Affiliate Disclosure
If you buy through our links, we may get a commission. Read our ethics policy.

128M iOS users were affected by 2015 XcodeGhost malware

Credit: AppleInsider

Last updated

A total of 128 million iOS users downloaded apps that were affected by the XcodeGhost malware in 2015, according to emails revealed during the Epic Games v. Apple trial.

The XcodeGhost malware was parsed into otherwise legitimate applications to mine user data in a coordinated campaign in 2015. Although the malware was quickly stopped, details about the full impact of the attack remained murky.

However, emails published as part of the Epic v. Apple trial have finally given us a clearer picture at the scope of the hack. In total, 128 million users downloaded the more than 2,500 tainted applications.
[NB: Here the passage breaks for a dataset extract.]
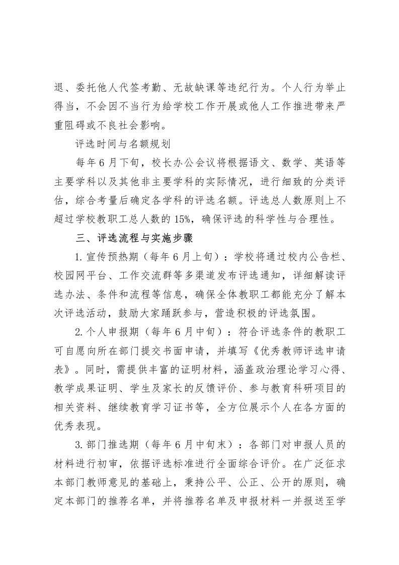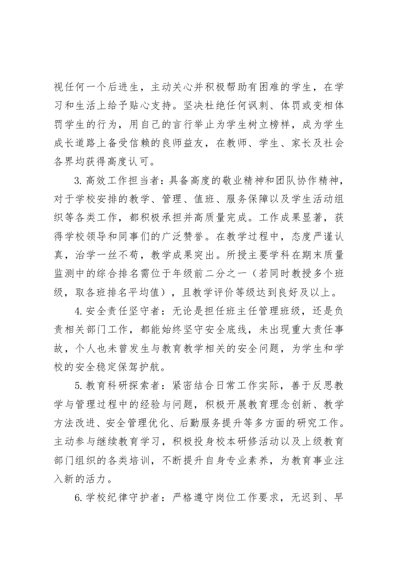 学校“优秀教育工作者(教师)”评比办法在教育改革与发展的浪潮中,为充分激发广大教师投身教学、钻研专业的热情与潜能,营造有利于优秀教师脱颖而出的良好环境,促进教风与校风的良性互动,助力学校打造一支既符合新时代教育需求,又兼具高尚品德与卓越才能的优质师资队伍,切实推动教学质量与教学管理水平稳步提升,经校长办公会议深入研讨、周密论证,并经学校党政联席会议审慎审议通过,特制定本“优秀教师”评选办法。一、评选范围本次评选面向学校全体在职教职工,代课教师也在评选范围内,确保每一位为学校教育事业付出的教职工都有机会参与评选。二、评选核心标准1.教育事业忠诚者:对教育事业怀有坚定不移的热爱,将职业使命铭记于心,以高度的责任心积极参与学校组织的各类政治理论学习,展现对教育事业的坚定信念。在教学岗位上,严格遵循教师职业道德规范,以高尚的品德风范成为学生和同事的楷模,关心集体发展,始终保持谦逊、严谨的态度,自觉遵守法律法规,以端正的作风和良好的品行赢得尊重。2.全面育人践行者:聚焦学生的全方位成长,将品德教育巧妙融入日常教学的每一个环节。平等对待每一位学生,不歧

About 18 million of those users were in the U.S., according to Vice, which first spotted the emails.

In addition to revealing the magnitude of the hack, the emails also detail how Apple scrambled to work out how serious it was and notify victims.

"Due to the large number of customers potentially affected, do we want to send an email to all of them?" said Matt Fischer, vice president of the App Store. "Note that this will pose some challenges in terms of language localizations of the email, since the downloads of these apps took place in a wide variety of App Store storefronts around the world."

Dale Bagwell, Apple's iTunes customer experience manager at the time, agreed that a mass notification would be challenging.

"Just want to set expectations correctly here. We have a mass-request tool that will allow us to send the emails, however we are still testing to make sure that we can accurately include the names of the apps for each customer," Bagwell wrote.

Bagwell also brought up some of the limitations of the tool, including the fact that sending a mass batch of emails to 128 million people could take up to a week.

Although the malware was widespread on the App Store, it wasn't particularly sophisticated or dangerous. At the time, Apple said it didn't have any information to suggest it was used to do anything malicious or harvest personally identifiable information.

The incident led Apple to acquire SourceDNA, a startup specializing in malware detection.